Super-computers are ideal for analyzing big data. Using these computers to perform calculations on data sets that are generally not manageable by regular computers could advance technology and industries in ways that were not previously thought about. The U.S. government, through NASA, has been analyzing the data captured from telescopes to evaluate different areas of the universe. This is scary to some people because they feel the government could use the computers to analyze privacy issues and to spy on people. It will take a visionary in the computer industry to truly utilize the processing power of these computers. As visionaries, we need people to think about capabilities beyond how computers are currently being used and consider how these devices could be used in the future. This is a challenge because most of the industry is extending or adapting the current technology to perform new tasks, not thinking outside the box on what could be possible with the speeds of modern supercomputers.

Supersociety Autonomous Super-Systems Platform Quality Challenges

The challenges of autonomous super-systems platforms combine all the previous difficulties and significant complications.
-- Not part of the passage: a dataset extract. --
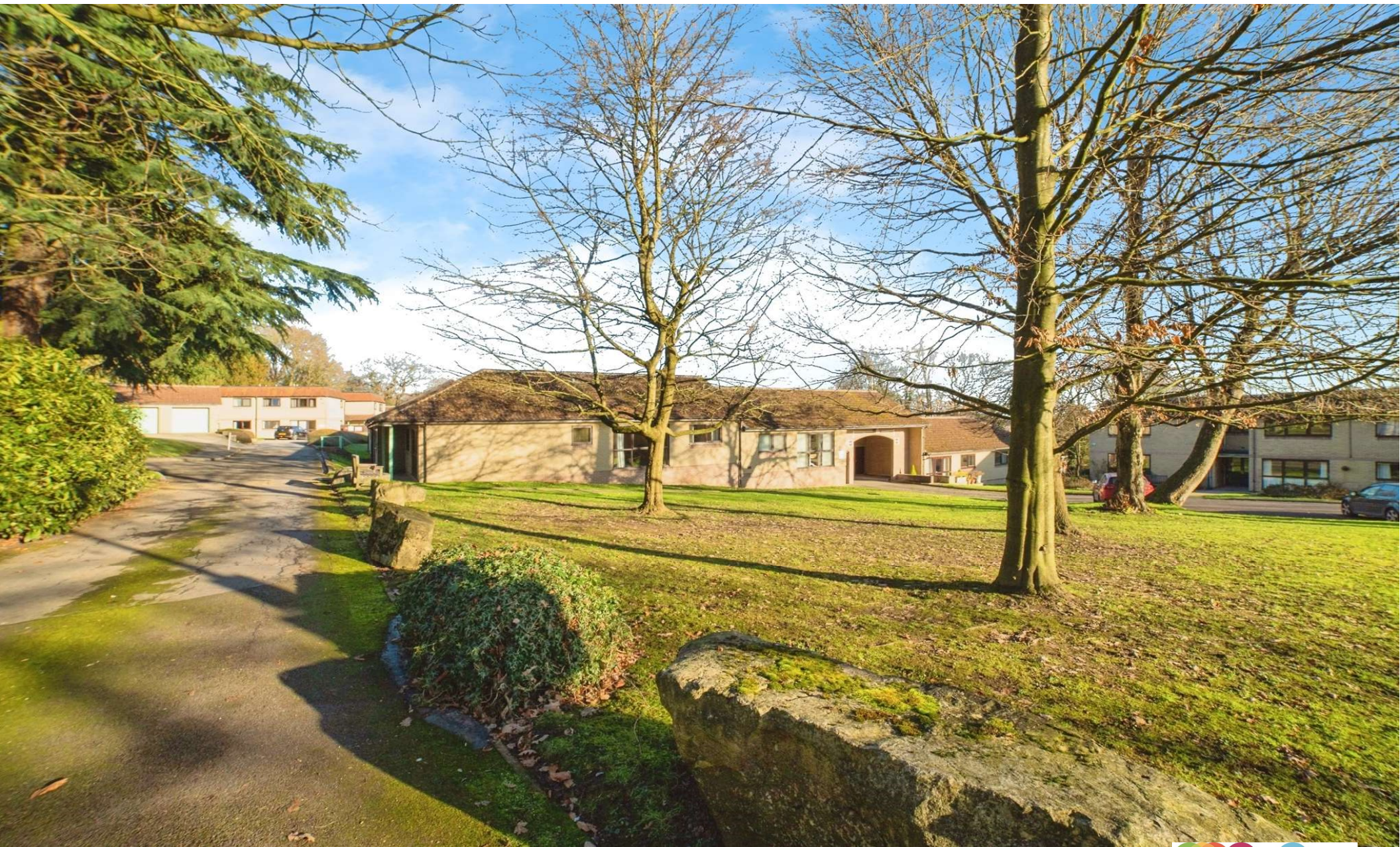
Fieldfare House High Street, Old Whittington Chesterfield S41 9LQ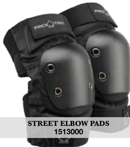
STREET ELBOW PADS 1513000

Since we have not seen a truly autonomous platform that combines robotics and supercomputers, we are left to think about what-ifs. What can we expect from a system that can think for itself, regulate itself, fix any issues that might arise, and do it faster than humanly comprehendible? Our only hope as a society is the concept that Dell introduced: the Responsible Computing Framework. The ethical implications are endless if we have autonomous super-systems. However, if these systems are built with the proper series of checks and balances and the technology used to develop the systems is constantly tested for flaws, our only concern is the human factor of implementation. At some point in time, humans will create autonomous super-systems. We can only hope that they are of the highest ethical standards and that introducing these systems is socially acceptable. Suppose individuals adhere to the Responsible Computing Framework and always consider an information security policy when implementing the systems. In that case, we can only hope that the systems will do their needed jobs and do them with the highest ethical standards.